**Assignment**
Type out the lines below exactly, pictures excluded.

**Data**
##############################

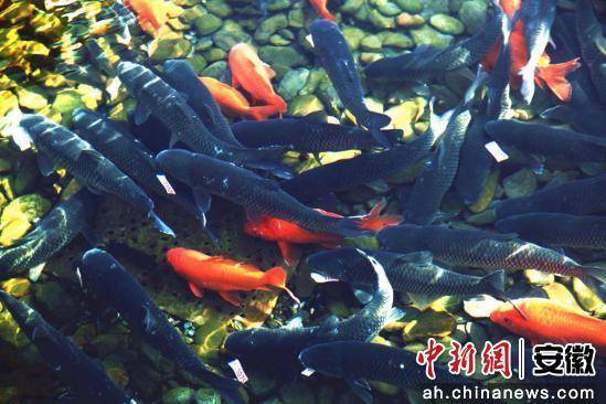 在板桥乡梓坞村,有条55岁高龄的“鱼王”,时常引来游人拍照打卡。“这条草鱼是1970年放进鱼塘的,那年我女儿出生,放下去的时候只有半斤重,现在大概有七八十斤重了。”鱼塘主人汪长生介绍,“鱼王”吃的和普通鱼没什么两样,都是一天两顿,早晚投送野生茅草、玉米、南瓜等果蔬。“要说秘诀,就是我们这儿的山泉水无污染、纯天然,并且鱼塘的进水、出水保持平衡,形成人养鱼、鱼养水的生态循环。”他说。
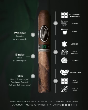 Doutník Davidoff Escurio 10th Anniversary má lahodnou krémovou chuť s tóny vanilky, zeminy, sušených meruněk, kůže, medu a a mandlí.
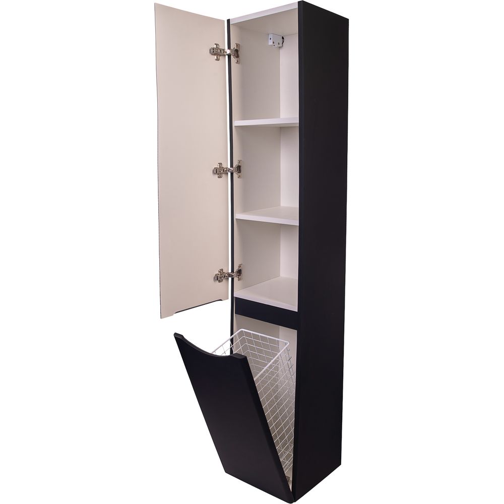 Шкаф-пенал обладает компактными габаритами 30x30x180 см, что делает его идеальным для ограниченного пространства ванной комнаты. Корпус и фасад шкафа изготовлены из МДФ, а покрытие выполнено пленкой для устойчивости к влаге и износу. Дверки и встроенная бельевая корзина гарантируют максимальную практичность. Полки внутри шкафа несъемные, что обеспечивает дополнительную прочность конструкции.
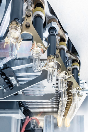 The Series V saves up to 40% in energy compared to its predecessor through the implementation of a completely new heating concept. The near infrared heater centrally installed in the closed reflector tunnel forms the nucleus of this. In the heater the preforms pass the centrally arranged heating units to both the left and right. This means that the preforms have a very small pitch of 18 millimeters instead of the previous approximately 37 millimeters. KHS has thus been able to reduce the number of heater boxes by up to 40% which not only results in such vast energy savings but also cuts down on the amount of radiation loss.

##############################

**Written solution**
 在板桥乡梓坞村,有条55岁高龄的“鱼王”,时常引来游人拍照打卡。“这条草鱼是1970年放进鱼塘的,那年我女儿出生,放下去的时候只有半斤重,现在大概有七八十斤重了。”鱼塘主人汪长生介绍,“鱼王”吃的和普通鱼没什么两样,都是一天两顿,早晚投送野生茅草、玉米、南瓜等果蔬。“要说秘诀,就是我们这儿的山泉水无污染、纯天然,并且鱼塘的进水、出水保持平衡,形成人养鱼、鱼养水的生态循环。”他说。
 Doutník Davidoff Escurio 10th Anniversary má lahodnou krémovou chuť s tóny vanilky, zeminy, sušených meruněk, kůže, medu a a mandlí.
 Шкаф-пенал обладает компактными габаритами 30x30x180 см, что делает его идеальным для ограниченного пространства ванной комнаты. Корпус и фасад шкафа изготовлены из МДФ, а покрытие выполнено пленкой для устойчивости к влаге и износу. Дверки и встроенная бельевая корзина гарантируют максимальную практичность. Полки внутри шкафа несъемные, что обеспечивает дополнительную прочность конструкции.
 The Series V saves up to 40% in energy compared to its predecessor through the implementation of a completely new heating concept. The near infrared heater centrally installed in the closed reflector tunnel forms the nucleus of this. In the heater the preforms pass the centrally arranged heating units to both the left and right. This means that the preforms have a very small pitch of 18 millimeters instead of the previous approximately 37 millimeters. KHS has thus been able to reduce the number of heater boxes by up to 40% which not only results in such vast energy savings but also cuts down on the amount of radiation loss.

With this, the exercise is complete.